Name of the database to update; overrides the target database defined for the data synchronization task. Do not specify values for database override, schema override, or table override in a Data Synchronization task. You can specify the values in a PowerCenter session.

Schema Override

Name of the schema to update; overrides the target schema defined for the data synchronization task. Do not specify values for database override, schema override, or table override in a Data Synchronization task. You can specify the values in a PowerCenter session.

Table Override

Name of the table to update; overrides the target table defined for the data synchronization task. Do not specify values for database override, schema override, or table override in a Data Synchronization task. You can specify the values in a PowerCenter session.

Usage Notes:

  • Snowflake does not enforce primary or foreign key constraints, and does not preserve metadata for keys. You must specify the Update key columns property even if corresponding columns are marked as key in the Informatica environment.

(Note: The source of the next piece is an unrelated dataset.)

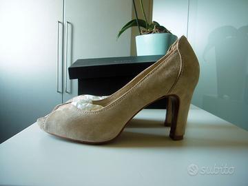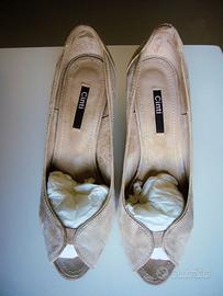 Scarpe Cinti open toe in suede colore beige, taglia 40. Indossate poche volte causa errore mio nella scelta del numero.

  • The Process data in one batch property may delay completion of the job, but guarantees that no data will be persisted in case of a failure, and without the overall transaction. Processing maximum amount of data at a time also maximizes utilization of Snowflake warehouse parallelism.

  • The Database Override, Schema Override, and Table Override attributes are used by PowerCenter to provide values at runtime that override the target database, schema, and/or table for the data synchronization task. This enables using the same data synchronization task to update tables in multiple databases and schemas. The fields are blank by default and should be left blank because the values for the attributes are provided at runtime.